The exclusionary rule’s impact on law enforcement is also examined. Some critics claim that the exclusionary rule may encourage police to use more force to seize evidence. However, the chapter acknowledges that there is little factual evidence to support this assertion and that the exclusionary rule is one of several legal safeguards to guarantee law enforcement officials comply with the Constitution. The exclusionary rule precludes Fourth Amendment-violating evidence from being used against a defendant in court. The exclusionary rule protects Fourth Amendment rights and deters unconstitutional searches and seizures. The chapter discusses the exclusionary rule’s history and reasoning. In 1914, the Supreme Court ruled in Weeks v. United States that evidence seized illegally must be excluded from trial. Mapp v. Ohio, a 1961 Supreme Court ruling, expanded the exclusionary rule to state courts (Worrall). The chapter also discusses exclusionary rule restrictions. The rule only applies to Fourth Amendment-violated evidence, therefore other constitutionally-violated evidence may still be admitted. The exclusionary rule has various exceptions, including the good faith exception, which allows evidence to be accepted if the officer acted in good faith reliance on an improper warrant.

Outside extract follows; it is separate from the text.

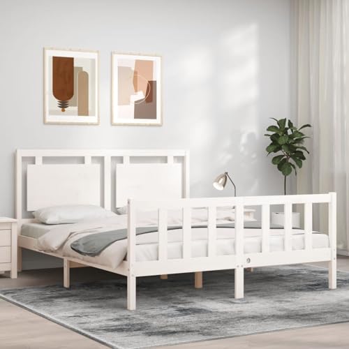 Lauoeriau Cadre de lit en bois massif, King Size blanc
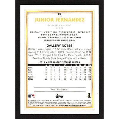 This is a 2020 Topps Gallery Junior Fernandez baseball card. The card is #66 and pictures show condition. Team(s): St. Louis Cardinals Rookie Card (RC)

Investigatory stops, often called Terry stops, are brief detentions by police for questioning if they suspect illegal behavior. Investigatory and Terry stops require officers to have specific, articulable evidence to reasonably suspect criminal activity. The chapter also states that investigatory stops must be quick and non-intrusive, and the officer must be able to justify the stop if asked. The chapter covers recent Supreme Court cases, including Terry v. Ohio. In Terry, the Court ruled that police can momentarily detain somebody for questioning if they suspect criminal behavior. The Court also said that officers can undertake a limited pat-down search for firearms if they suspect the person is armed and dangerous (Worrall). Investigatory stops and Terry stops can help law enforcement avoid crime, but they must comply with Fourth Amendment rights.The Supreme Court has ruled that police can briefly stop and pat down people with reasonable suspicion of criminal behavior. The chapter discusses stop-and-frisk laws. The officer must have specific and articulable facts that cause them to reasonably assume the individual is engaging in criminal activity and limit the frisk to a weapons search for a stop and frisk to be constitutional. The chapter states that the officer may seize a weapon they reasonably suspect during the frisk.

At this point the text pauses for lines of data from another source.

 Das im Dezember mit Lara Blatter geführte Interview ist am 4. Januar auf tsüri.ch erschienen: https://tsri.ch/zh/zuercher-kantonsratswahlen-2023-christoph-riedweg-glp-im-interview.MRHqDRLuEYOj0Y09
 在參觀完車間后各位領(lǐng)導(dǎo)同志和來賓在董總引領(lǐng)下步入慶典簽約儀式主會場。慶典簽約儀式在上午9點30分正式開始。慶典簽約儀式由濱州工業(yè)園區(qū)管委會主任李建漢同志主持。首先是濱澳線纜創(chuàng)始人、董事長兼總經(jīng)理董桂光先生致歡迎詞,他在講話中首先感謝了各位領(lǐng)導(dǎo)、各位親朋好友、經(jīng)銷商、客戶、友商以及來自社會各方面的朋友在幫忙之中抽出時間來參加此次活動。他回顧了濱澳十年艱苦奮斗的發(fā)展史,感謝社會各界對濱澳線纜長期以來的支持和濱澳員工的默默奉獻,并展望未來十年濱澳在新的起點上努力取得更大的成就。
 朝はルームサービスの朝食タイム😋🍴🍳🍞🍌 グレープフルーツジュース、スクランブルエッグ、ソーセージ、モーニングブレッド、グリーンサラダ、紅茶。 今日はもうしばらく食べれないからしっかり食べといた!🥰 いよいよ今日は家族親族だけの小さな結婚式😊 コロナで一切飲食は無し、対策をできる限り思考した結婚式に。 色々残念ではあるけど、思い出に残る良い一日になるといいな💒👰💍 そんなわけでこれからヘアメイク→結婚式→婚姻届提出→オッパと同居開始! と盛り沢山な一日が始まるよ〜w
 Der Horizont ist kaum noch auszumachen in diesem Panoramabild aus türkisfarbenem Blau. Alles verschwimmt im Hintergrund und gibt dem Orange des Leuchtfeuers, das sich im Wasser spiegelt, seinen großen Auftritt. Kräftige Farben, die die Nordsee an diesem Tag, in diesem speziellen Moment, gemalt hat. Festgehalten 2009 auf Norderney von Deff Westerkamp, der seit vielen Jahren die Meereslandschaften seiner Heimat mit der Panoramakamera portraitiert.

The chapter analyzes recent Supreme Court cases, including United States v. Jones (2013). In Jones, the Court ruled that police must have reasonable suspicion to pat-down an armed and dangerous person. Stop and frisk can help law enforcement prevent crime, but it must be done in accordance with Fourth Amendment rights (Worrall). The frisk must be limited to weapons and the officer must have specific and articulable evidence to reasonably suspect criminal behavior. Arrests and Searches Incident to Arrest section discusses arrest and search rules. Police can arrest a suspect if they have probable cause. The police may search the arrestee and their immediate surroundings. This is an arrest-related search. The chapter then covers arrest-related searches. The arrestee and their immediate surroundings must be searched. The officer may seize evidence linked to the arrest.

The chapter discusses recent Supreme Court cases, including Carpenter v. United States (2018). Even if an individual is arrested, the Court said in Carpenter that the police must get a warrant before examining mobile phone location data. The chapter highlights that arrests and searches incident to arrest can help law enforcement solve crimes, but they must comply with Fourth Amendment rights. Officers must have probable cause to arrest and confine searches incident to arrest to the arrestee’s person and immediate control.

Conclusively, Chapter 12 of Criminal Procedure (Justice Series) discusses the exclusionary rule in modern criminal trials. The chapter discusses the history of the rule, its exceptions, and its critics and debates, concluding that it is necessary for protecting individual rights and guaranteeing fair justice.

Work cited

Worrall, John L. Criminal Procedure. Pearson, 2018.